Suara.com - Tuntutan Jaksa Penuntut Umum (JPU) penjara 12 tahun kepada Richard Eliezer atau Bharada E membuat Wakil Ketua Lembaga Perlindungan Saksi Korban (LPSK) Edwin Partogi angkat bicara. LPSK meminta jaksa merevisi tuntutannya menjadi yang paling rendah dari para terdakwa lainnya.
Diketahui, Bharada E mendapat tuntutan hukuman terberat kedua setelah Ferdy Sambo meski sudah menjadi justice collaborator. Ferdy Sambo dituntut hukuman seumur hidup, sementara Putri Candrawathi, Kuat Ma'ruf dan Ricky Rizal sama-sama dituntut 8 tahun penjara.
"Yang sudah diatur dalam Undang-Undang Nomor 31 Tahun 2014 pasal 10A ayat (3) dan 4, yaitu paling rendah di antara terdakwa lainnya,” kata Edwin ketika dihubungi oleh ANTARA dari Jakarta, Kamis.
Edwin mengungkapkan kekhawatirannya apabila Richard Eliezer dituntut lebih berat dari tiga pelaku lainnya.
Ia berpandangan bahwa penuntutan tersebut dapat mengakibatkan keraguan dalam pikiran para pelaku kejahatan yang hendak bekerja sama dalam mengungkap kasus dengan status justice collaborator.
“Nanti orang (pelaku kejahatan) jadi berpikir dua kali, sejauh mana menjadi justice collaborator berdampak pada pemidanaannya,” ucap Edwin.
Justice collaborator, tutur Edwin, seharusnya mendapatkan penghargaan atas kesaksiannya. Salah satu bentuk penghargaan tersebut adalah hukuman pidana yang lebih rendah dibandingkan pelaku lainnya.
"Mungkin di jaksa melihat kualitas perbuatannya yang disamakan dengan pelaku utama, bukan dari kontribusinya (sebagai justice collaborator)," tutur Edwin.

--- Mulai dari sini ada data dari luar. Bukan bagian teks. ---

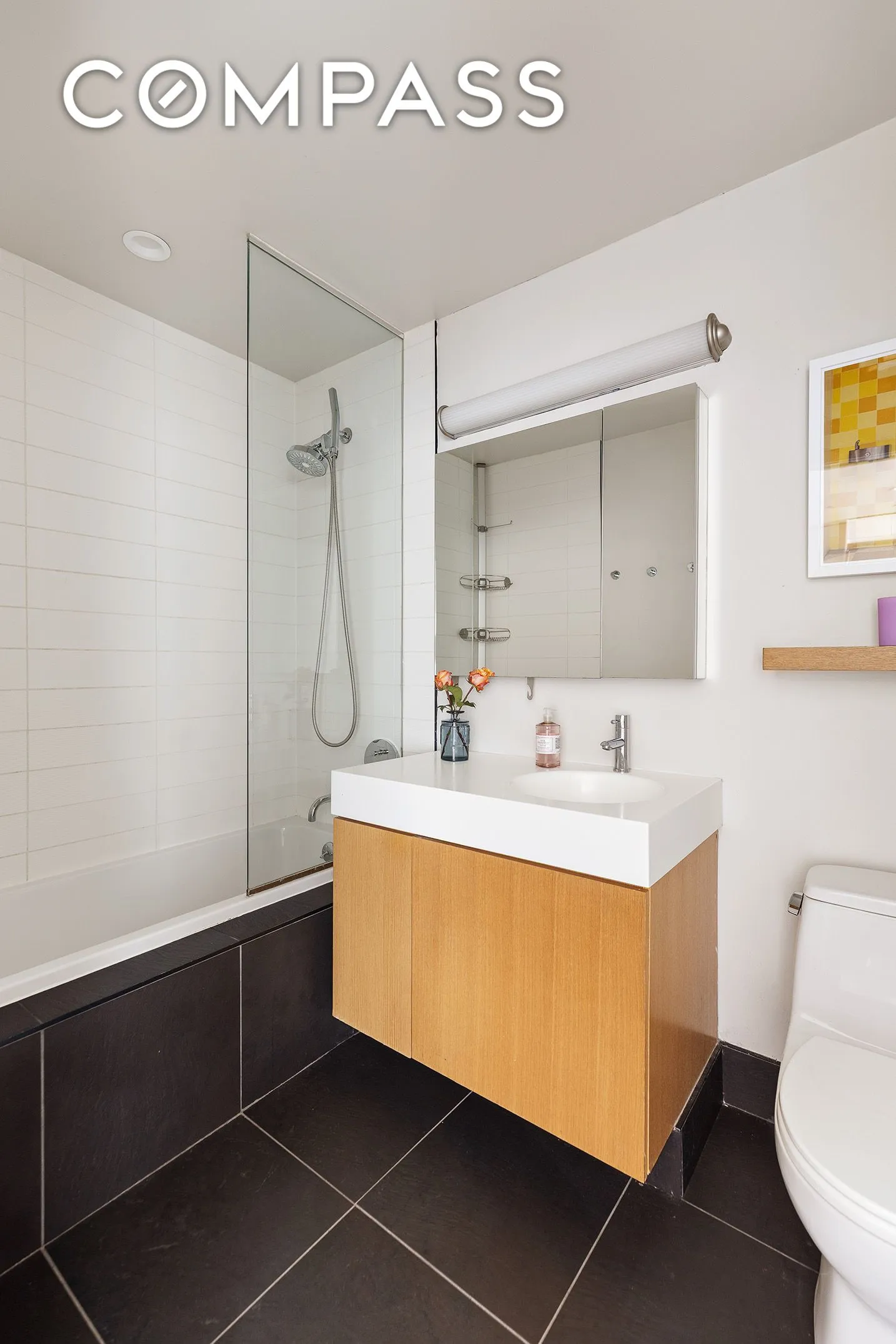 The spa-like bathroom pampers with a 63" Duravit soaking tub, rain showerhead, Senza stone tile, and Toto commode. Thoughtful touches like an in-unit Bosch washer/dryer, custom Elfa closets, recessed lighting, and charcoal-stained hardwood floors elevate the everyday. A large storage unit and reserved bike storage add even more convenience.
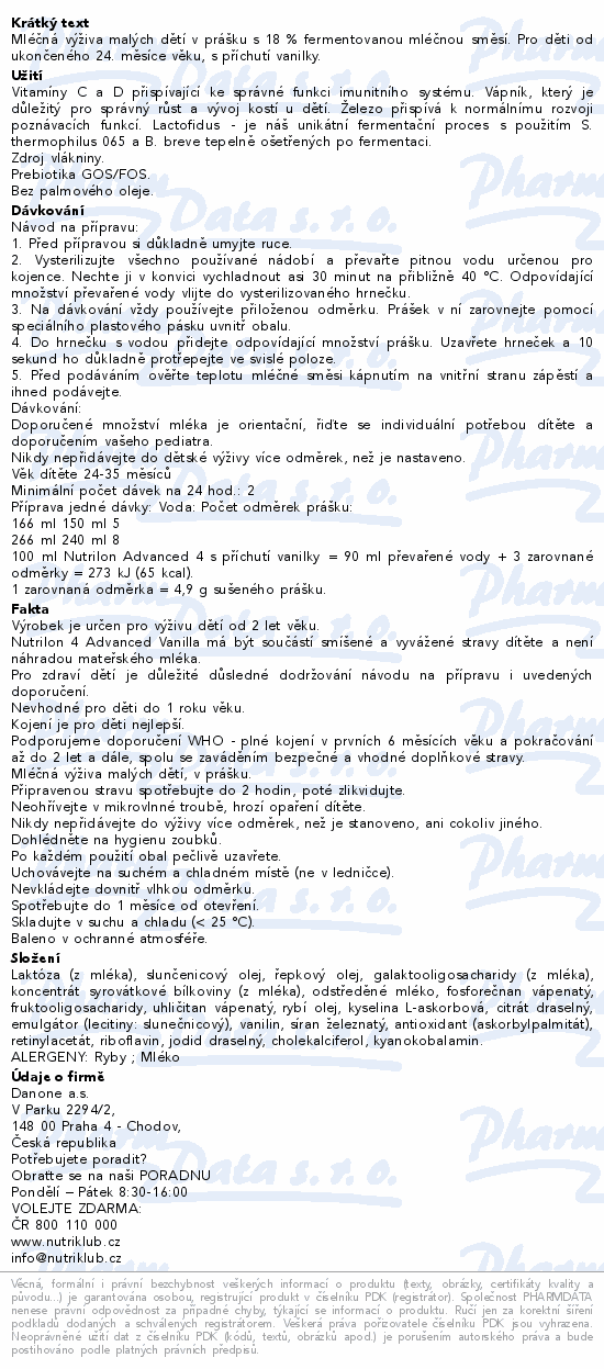 Mléčná výživa malých dětí v prášku s 18 % fermentovanou mléčnou směsí. Pro děti od ukončeného 24. měsíce věku, s příchutí vanilky.Použití

Berdasarkan pemberitaan sebelumnya, tim Jaksa Penuntut Umum menuntut Richard Eliezer atau Bharada E untuk menjalani hukuman pidana 12 tahun penjara.
Baca Juga: LPSK Keberatan Bharada E Dituntut 12 Tahun Penjara: Tuntutan Jaksa Bias
"Menjatuhkan pidana terhadap terdakwa Richard Eliezer Pudihang Lumiu dengan pidana penjara selama 12 tahun," ucap Jaksa Penuntut Umum Paris Manalu saat membacakan tuntutan di hadapan Ketua Majelis Hakim Wahyu Iman Santoso, di Pengadilan Negeri Jakarta Selatan, Jakarta, Rabu (18/1).